What Lili Lost in Tokyo
When sixteen-year-old Lili Reed’s dad decides he needs “an adventure,” and his old friends the Takadas invite them to spend a semester in Japan, Lili is desperate enough to leave her carefully managed routine and give it a try. Because this has to work. Four years, five months, and twenty-one days ago, Lili learned you can lose everything in a single moment. That was the day her mom died. The day her dad started wrestling with depression. The day Lili learned she had to be the strong one, because her little sister Lennon needed her.
Tokyo turns out to be just the adventure Dad and six-year-old Lennon need: new sights, new sounds, new food, new friends, even a pretty, Japanese “lady friend” who keeps coming around. But for Lili, it’s too many new things at once. She doesn’t know how to eat with chopsticks. Navigate the trains. Discern “great mysteries” like which carton has milk and which has liquid yogurt—because she can’t freaking read. She can’t even use the high-tech toilets without getting doused by the bidet function. And why does Tai, the Takada’s seventeen-year-old son—whose crooked grin is way distracting—seem to be around for every one of her mishaps?

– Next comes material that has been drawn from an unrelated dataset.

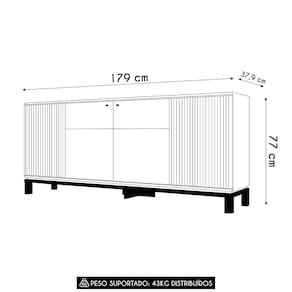 Composto por quatro portas convencionais com dobradiças metálicas, conta com duas portas laterais que apresentam uma textura microripada exclusiva e fecho toque. Nas portas centrais o puxador ponto em ABS adiciona um toque minimalista e elegante, completando o design do Buffet Aparador com perfeição.

Even more unsettling, Tai seems intent on rekindling the friendship they had when they were kids. But that is so not happening. So what if he plays guitar (swoon!) and makes her laugh, reminding Lili of another version of herself—one she hasn’t seen in four years, five months, and twenty-one days. Because what good is it to risk her heart on something so easily lost in a single, tragic moment…like love?